The US dollar held steady on Thursday, supported by climbing Treasury yields and the Federal Reserve’s hawkish stance, which suggests a slower pace of rate cuts in 2025. The Dollar Index remained near its two-year high of 108.920, buoyed by robust economic data that underscored labor market resilience. However, trading activity was subdued as US markets observed a holiday for the state funeral of former President Jimmy Carter. Analysts noted that upcoming jobs data and Fed commentary could further shape market expectations regarding monetary policy.
In Europe, the euro struggled against the dollar, with EUR/USD declining by 0.1% amid Germany’s economic challenges. Despite modest gains in German exports and industrial production for November, analysts warned these improvements might not offset the broader economic slowdown. The European Central Bank is anticipated to cut rates by 100 basis points in 2025, adding pressure to the euro, which risks nearing parity with the dollar. Meanwhile, the British pound dropped 0.5% to 1.2296, reflecting concerns about the UK bond market and diminishing confidence in sterling’s performance.

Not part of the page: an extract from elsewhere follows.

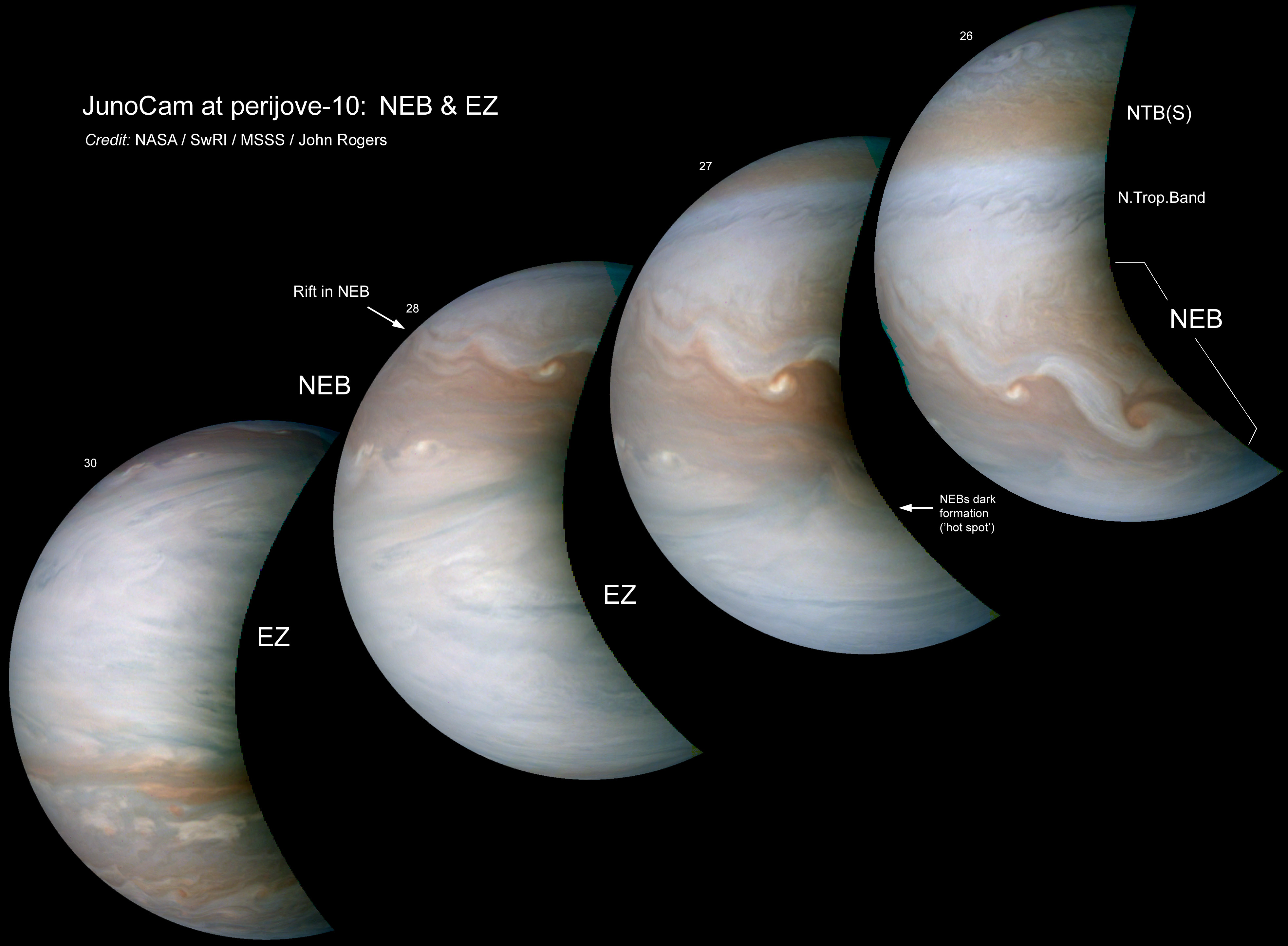 These 4 images cover the same sector of the NEB, with a well-developed sinuous 'rift' stretching diagonally through it, and a bright new cloud eruption adjacent. On the NEBs edge, we see a typical dark formation (‘hot spot’) and two bright plume nuclei. --John Rogers

In Asia, the Chinese yuan weakened to its lowest levels in 17 years against the dollar, following weak inflation and persistent producer price deflation in December. This trend signals potential for further economic stimulus from Beijing. Conversely, the Japanese yen gained strength, supported by better-than-expected wage growth, which raised hopes for inflation stability and possible interest rate hikes from the Bank of Japan. These mixed global economic signals highlight varying regional responses to inflationary pressures and monetary policies.